Crypto Investor Sues AT&T
American cryptocurrency investor and entrepreneur Michael Terpin is suing telecommunications giant AT&T for a sum of $224 million. Terpin has accused the telecom company of fraud as well as gross negligence because of which he lost $24 million worth of cryptocurrency.
Michael Terpin is the co-founder of an angel group of Bitcoin investors named BitAngels. He is also the founder of digital currency fund, BitAngels/DApps Fund and a senior advisor to Alphabet Fund, one of the largest crypto hedge funds in the world.
Digital Identity Theft
Terpin filed a 69-page complaint in which he alleged that $24 million worth of cryptocurrencies were stolen from his mobile phone account in a case of digital identity theft.
This was done, according to the complaint, using SIM swap fraud. SIM (Subscriber Identification Module) cards are used to validate subscribers on mobile phones. A SIM swap fraud is when a provider is conned into transferring a subscriber’s number to another SIM card which is controlled by someone else. Once that person has access to a user’s phone number, he or she can use it to reset all passwords and access that user’s online accounts.
After the first hack attack, Terpin alleges that “insider cooperation” from AT&T is what allowed the hacker to access his cell phone number – without a store employee of the telecom company having to validate ID proof or even give a password. Once the hacker had access to his phone number, he or she was able to get to Terpin’s cryptocurrency holdings.

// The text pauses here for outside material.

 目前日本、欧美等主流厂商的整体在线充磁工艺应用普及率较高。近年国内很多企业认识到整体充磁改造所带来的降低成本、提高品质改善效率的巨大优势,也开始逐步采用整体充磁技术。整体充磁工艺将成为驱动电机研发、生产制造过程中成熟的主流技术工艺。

The entrepreneur claims that after the digital currency was stolen from his account, his mobile phone account was transferred to an international criminal gang.

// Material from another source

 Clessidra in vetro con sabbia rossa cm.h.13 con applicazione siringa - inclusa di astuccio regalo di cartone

The Dangers of Using Mobile Devices
AT&T’s spokesperson issued a statement that the company disputed these allegations and that they were looking forward to presenting their case in court. However, according to Terpin, this is not the first time that AT&T has been contacted by law enforcement agencies in relation to similar frauds.

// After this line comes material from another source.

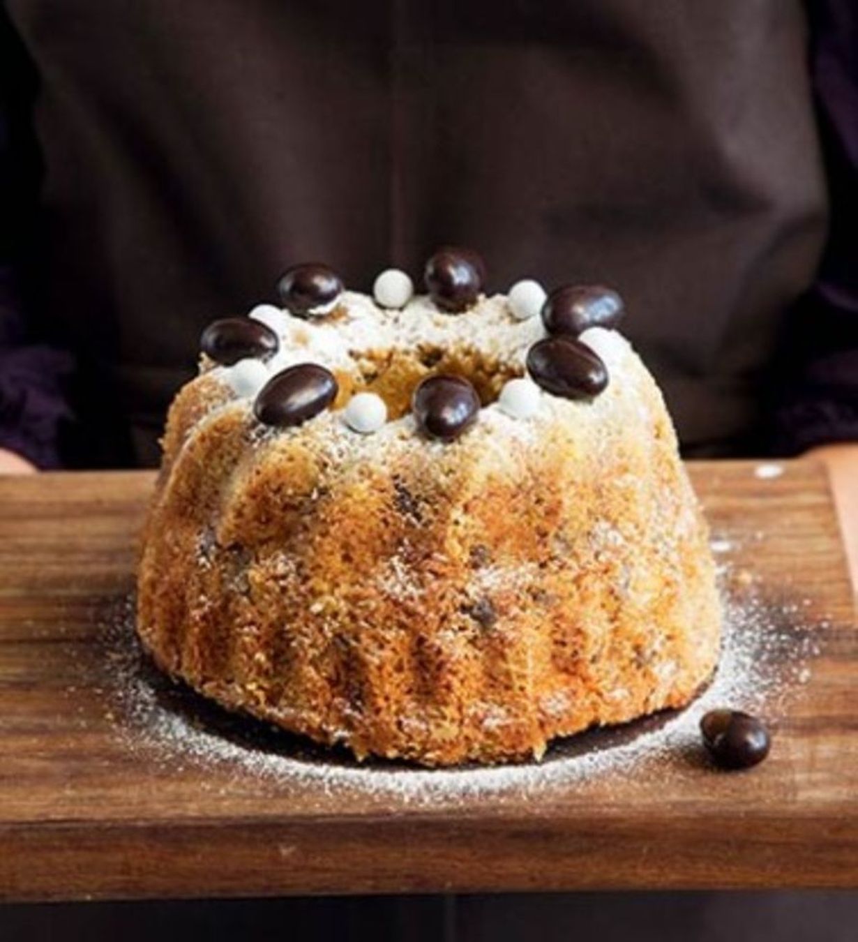 - Kaada taikina kakkuvuokaan. Paista uunin alatasolla noin 45 minuuttia tai kunnes kakku on kypsä. Anna kakun jäähtyä vuoassaan 5–10 minuuttia ennen kumoamista.

Be that as it may, this case highlights the dangers of SMS-based 2FA (2 Factor Authentication) processes on mobile devices. While this process is safer than not using any kind of authentication process, it is still vulnerable to SIM-jacking attacks.
In fact, security experts advise users to secure their online accounts by using app as well as security based 2FA. The problem is that most websites do not support such processes.